LibreELEC / LibreELEC.tv

Just enough OS for KODI
http://libreelec.tv
2.26k stars 1.12k forks source link

[BUG] High Idle CPU Utilisation on Tanix TX6 #6157

Open heitbaum opened 2 years ago

heitbaum commented 2 years ago

Problem

# top -H is showing that the Allwinner H6 chip in the Tanix TX6 is running high utilisation (even though there is no active processing.)

image

doing an strace -p on the kodi.bin process shows the following.

 (37 times) - clock_nanosleep(CLOCK_REALTIME, 0, {tv_sec=0, tv_nsec=10000000}, NULL) = 0
   ppoll([{fd=11, events=POLLIN}], 1, {tv_sec=0, tv_nsec=0}, NULL, 0) = 0 (Timeout)
   futex(0x1bb3908, FUTEX_WAIT_BITSET_PRIVATE, 0, {tv_sec=76306, tv_nsec=595425620}, FUTEX_BITSET_MATCH_ANY) = -1 ETIMEDOUT (Connection timed out)
   futex(0xfb2f880, FUTEX_WAKE_PRIVATE, 1) = 0
   pselect6(14, [13], NULL, NULL, {tv_sec=0, tv_nsec=0}, NULL) = 0 (Timeout)
 (37 times) - clock_nanosleep(CLOCK_REALTIME, 0, {tv_sec=0, tv_nsec=10000000}, NULL) = 0
   ppoll([{fd=11, events=POLLIN}], 1, {tv_sec=0, tv_nsec=0}, NULL, 0) = 0 (Timeout)
   futex(0x1bb3908, FUTEX_WAIT_BITSET_PRIVATE, 0, {tv_sec=76306, tv_nsec=595425620}, FUTEX_BITSET_MATCH_ANY) = -1 ETIMEDOUT (Connection timed out)
   futex(0xfb2f880, FUTEX_WAKE_PRIVATE, 1) = 0
   pselect6(14, [13], NULL, NULL, {tv_sec=0, tv_nsec=0}, NULL) = 0 (Timeout)
...

This processing should result in IDLE and a CPU of Zero.

Testing to date

I have tested the following:

None of these updates / changes has made any appreciable difference / fix,

Discovery

In gdb - thread 1 - is looping on the below (so assuming that this is the "CPU load we are seeing".

tx6:~ # gdb -p 9288
GNU gdb (GDB) 11.1
...
Attaching to process 9288
...
[Thread debugging using libthread_db enabled]
Using host libthread_db library "/usr/lib/libthread_db.so.1".
0x0000ffffa9aa8830 in clock_nanosleep () from /usr/lib/libc.so.6
(gdb) bt
#0  0x0000ffffa9aa8830 in clock_nanosleep () from /usr/lib/libc.so.6
#1  0x0000ffffa9aad158 in nanosleep () from /usr/lib/libc.so.6
#2  0x0000ffffa9ad2a50 in usleep () from /usr/lib/libc.so.6
#3  0x0000000000bb3b0c in CGraphicContext::Flip(bool, bool) ()
#4  0x0000000000f4a79c in ?? ()
#5  0x0000000000fcf214 in CXBApplicationEx::Run(CAppParamParser const&) ()
#6  0x0000000000719f2c in main ()

Reading

lrusak commented 2 years ago

Maybe it's not waiting for vsync, you can try extending the sleep (make it 40) here: https://github.com/xbmc/xbmc/blob/master/xbmc/windowing/gbm/WinSystemGbmGLESContext.cpp#L148

jernejsk commented 2 years ago

Did you try perf top? It should show which function spends most time executing. However, I'm not sure if this command requires debug symbols or not. I believe it would be easier to debug this issue with debug symbols enabled, regardless of method. Sadly, size of Kodi's debug symbols exploded in the past and it's not feasible to load them in debugger directly on target.
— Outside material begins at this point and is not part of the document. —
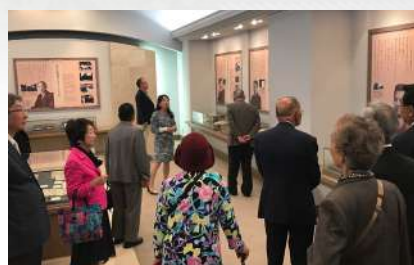
米山梅吉記念館・資料館見学

heitbaum commented 2 years ago

Maybe it's not waiting for vsync, you can try extending the sleep (make it 40) here: https://github.com/xbmc/xbmc/blob/master/xbmc/windowing/gbm/WinSystemGbmGLESContext.cpp#L148

@lrusak - looks like you found the line of code to manipulate it - first go. 👍

6AAF7CE3-3286-44C3-BE4A-76D2B5671299

jernejsk commented 2 years ago

@lrusak where is syscall which waits on vsync located? I'll try to debug DRM driver to see what could be improved.

heitbaum commented 2 years ago

Did you try perf top? It should show which function spends most time executing. However, I'm not sure if this command requires debug symbols or not. I believe it would be easier to debug this issue with debug symbols enabled, regardless of method. Sadly, size of Kodi's debug symbols exploded in the past and it's not feasible to load them in debugger directly on target.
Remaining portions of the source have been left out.